RECORDED DATA>
^^^^
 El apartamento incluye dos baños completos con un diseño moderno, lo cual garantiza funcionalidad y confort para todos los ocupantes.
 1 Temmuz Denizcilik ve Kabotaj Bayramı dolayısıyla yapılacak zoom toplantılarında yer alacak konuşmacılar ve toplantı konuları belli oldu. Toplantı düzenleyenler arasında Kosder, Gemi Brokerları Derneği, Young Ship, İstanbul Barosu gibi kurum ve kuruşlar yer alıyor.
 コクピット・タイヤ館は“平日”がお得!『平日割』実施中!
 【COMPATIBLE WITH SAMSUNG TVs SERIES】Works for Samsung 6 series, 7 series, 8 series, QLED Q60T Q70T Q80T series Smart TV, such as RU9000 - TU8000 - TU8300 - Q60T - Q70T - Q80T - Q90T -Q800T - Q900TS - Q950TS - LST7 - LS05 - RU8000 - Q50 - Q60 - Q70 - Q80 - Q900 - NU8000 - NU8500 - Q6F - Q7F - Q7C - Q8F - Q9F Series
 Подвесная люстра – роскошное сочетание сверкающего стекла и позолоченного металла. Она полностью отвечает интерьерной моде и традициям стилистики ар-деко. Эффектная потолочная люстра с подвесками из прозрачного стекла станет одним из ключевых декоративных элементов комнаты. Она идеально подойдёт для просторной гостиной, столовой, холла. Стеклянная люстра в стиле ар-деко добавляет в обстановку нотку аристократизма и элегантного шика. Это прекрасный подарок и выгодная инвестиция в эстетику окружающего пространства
^^^^
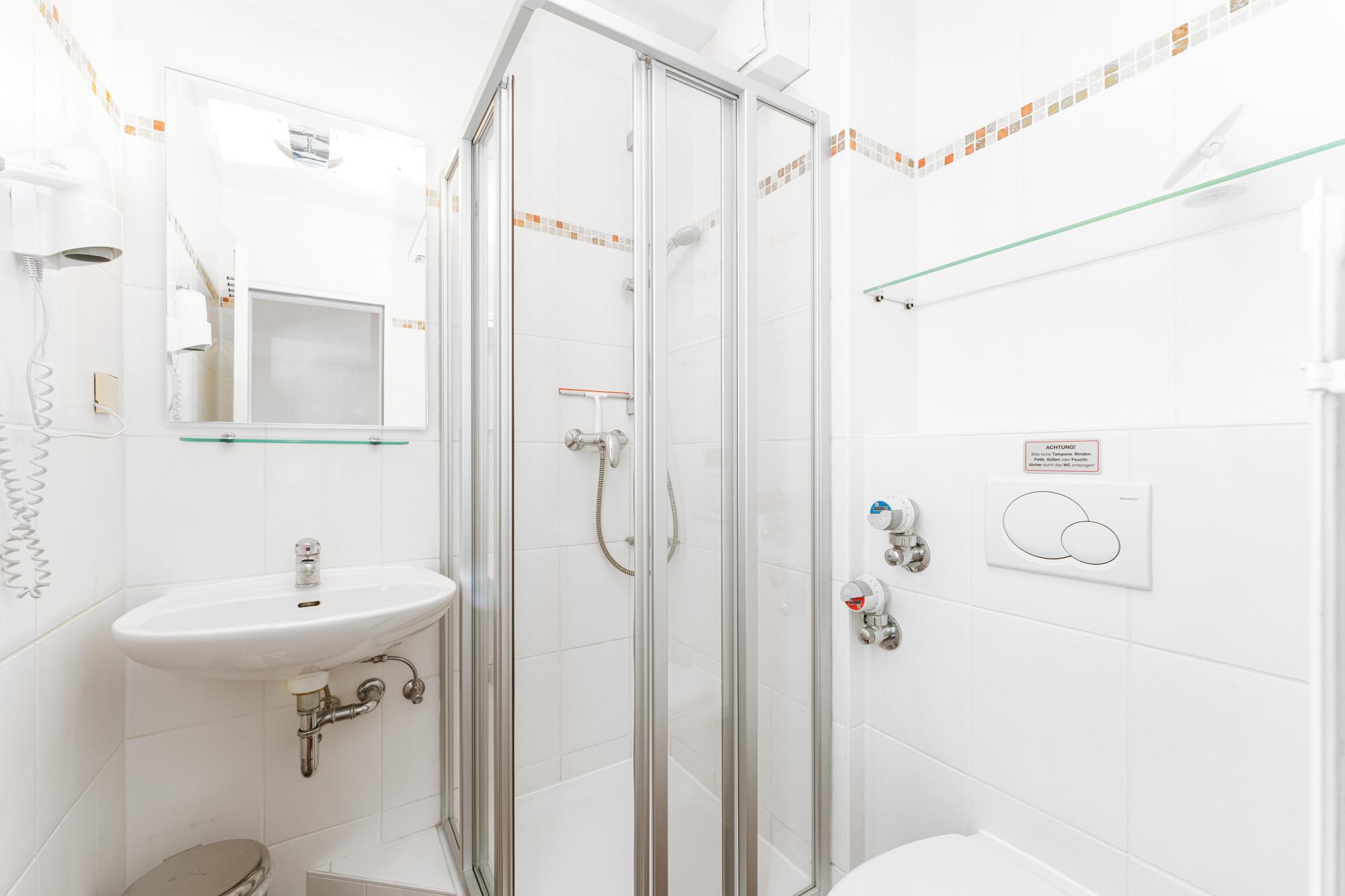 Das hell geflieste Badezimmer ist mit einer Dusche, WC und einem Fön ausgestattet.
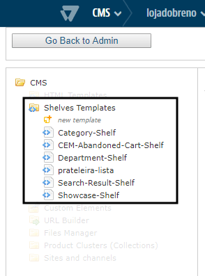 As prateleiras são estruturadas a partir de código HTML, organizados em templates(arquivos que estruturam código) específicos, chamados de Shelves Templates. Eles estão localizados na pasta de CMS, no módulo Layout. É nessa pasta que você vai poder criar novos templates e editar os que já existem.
^^^^
WHAT IS BEING ASKED>
Please, from the entries above, set down exactly the lines from the one containing "El apartamento incluye" through the one containing "1 Temmuz Denizcilik", and only those.

PROBLEM SOLUTION>
 El apartamento incluye dos baños completos con un diseño moderno, lo cual garantiza funcionalidad y confort para todos los ocupantes.
 1 Temmuz Denizcilik ve Kabotaj Bayramı dolayısıyla yapılacak zoom toplantılarında yer alacak konuşmacılar ve toplantı konuları belli oldu. Toplantı düzenleyenler arasında Kosder, Gemi Brokerları Derneği, Young Ship, İstanbul Barosu gibi kurum ve kuruşlar yer alıyor.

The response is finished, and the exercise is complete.